ASH WEDNESDAY, and ashes indeed, with the countryside closed down, and pestilence apparently free to roam where it likes. Whether the disease is wholly airborne, or partly given a life on the unprecedented traffic that now engulfs today’s agriculture, coming to grips with foot-and-mouth, as one farmer said, is like punching the wind.
Although 1967 was afflicted with the same disease, there is now a great difference. Then the farm was smaller, more private, less on the road. Who of us would have imagined, as we gave our chops a ride in the supermarket trolley, that they may have already travelled the length of England?
Rustling through my book of petitionary prayers, I find none worthy of the tragic situation, none that touch its almost medieval reality or its human and animal helplessness. Meanwhile, as they must have done during the plague, when the village dropped its pennies in vinegar (boots are dipped in disinfectant at farm gates), the sweet spring birds sing, the maligned grey squirrels swing innocently in the trees, and “the first infolding leaves”, as the poet John Clare called them, point greenly from the ditches.
So all is well — and all is ill. And what can we do? Nothing, it seems. Except stay still. Lines from ancient prayers do not come amiss — “Have pity upon us, who are now visited with great sickness and mortality.” Better than those in my book written by someone who has never had to scrub his wellies with Lysol.
Thus the Great Fast, as it was once called, begins. Michael presses ashes from a little silver box on our brows as we kneel at the rail. I speak Joel’s passionate entreaty, and his words echo through the arches. The tower clock crunches into action in order to claim another hour of our lives. Forty days and forty nights lie ahead. But who is counting? Are we not on that threshold where the measurable and the immeasurable part company?
Our penitence “for all that is past” is signed on our foreheads.
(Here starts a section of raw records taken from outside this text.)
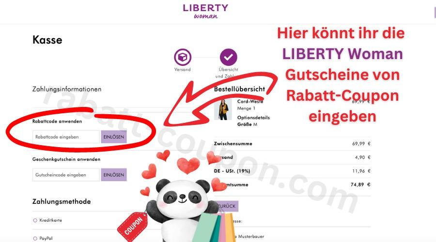 Um von einem LIBERTY Woman Gutschein zu profitieren, gebt den Gutscheincode während des Bestellvorgangs im Online-Shop ein. Hier ist eine Schritt-für-Schritt Anleitung, wie ihr euren LIBERTY Woman Gutschein einlösen könnt: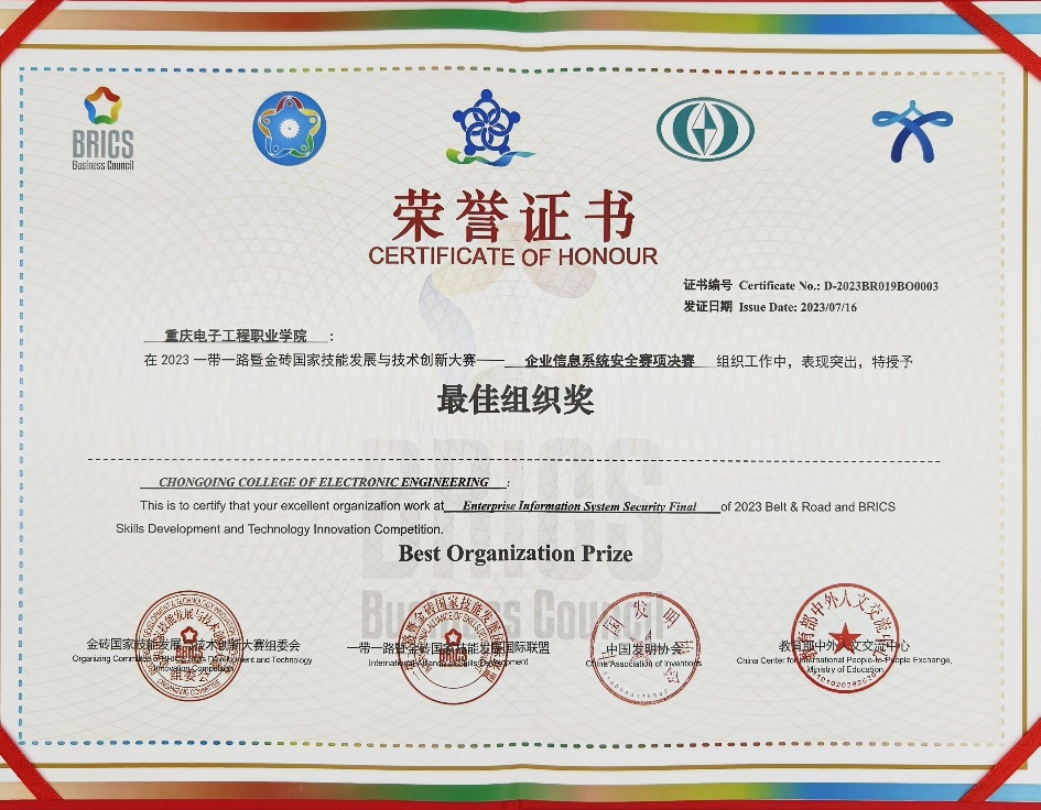这次取得的一等奖,标志着重庆电子工程职业学院在信息安全领域的教学和培养工作取得了显著成果。学院将继续致力于培养更多优秀的技术人才,为推动我国信息安全事业的发展贡献力量。这次荣誉的取得也是对学校卓越技术技能星空(中国)计划的肯定,同时也彰显了学校在培养高素质人才方面的独特优势。学院将继续秉持创新、卓越的教育理念,为培养更多具备工匠精神和创新能力的技术人才做出更大贡献。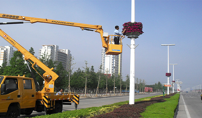 輕型伸縮臂高空車更換照明路燈施工現場… -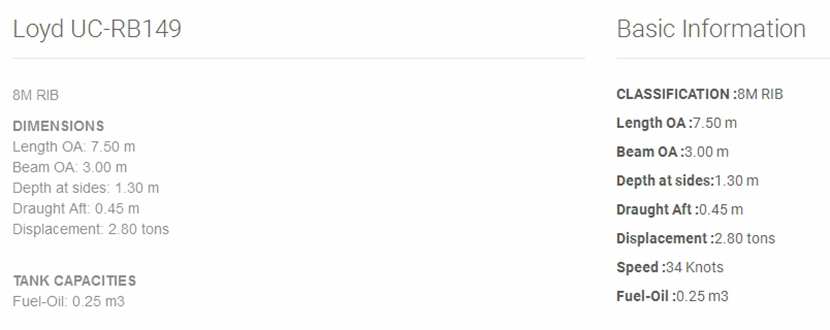 | 總長: | 7.5m | 航速: | 34kn |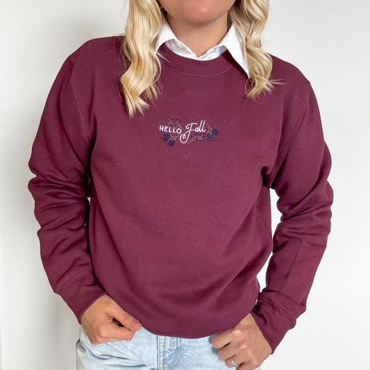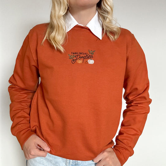 Embroidered Lightweight Sweatshirt - Pumpkin Harvest - Burnt Orange

The candles gutter a bit, owing to the mysterious wind which vast walls fail to keep out of our sanctuary. Inside, the coloured windows are blacked out by night, and are best viewed from the churchyard. Those who have given up whisky for Lent are already wrestling with their souls, it being such a cold evening. Just a nightcap, nothing indulgent. And the News is so bad — terrible. Do those who love them give up soaps for Lent? How hard that must be.
I preach on George Herbert, a reasonable man in Lent. He says,
It’s true we cannot reach Christ’s fortieth day;
Yet to go part of that religious way,
Is better than to rest.
Lent was Herbert’s season. He was born during it, married during it, died in it. For him, fasting was a way of “starving sin”. But then he was a nutritionist where both earthly and heavenly food were concerned. His day precedes Ash Wednesday, and brings balances to what follows.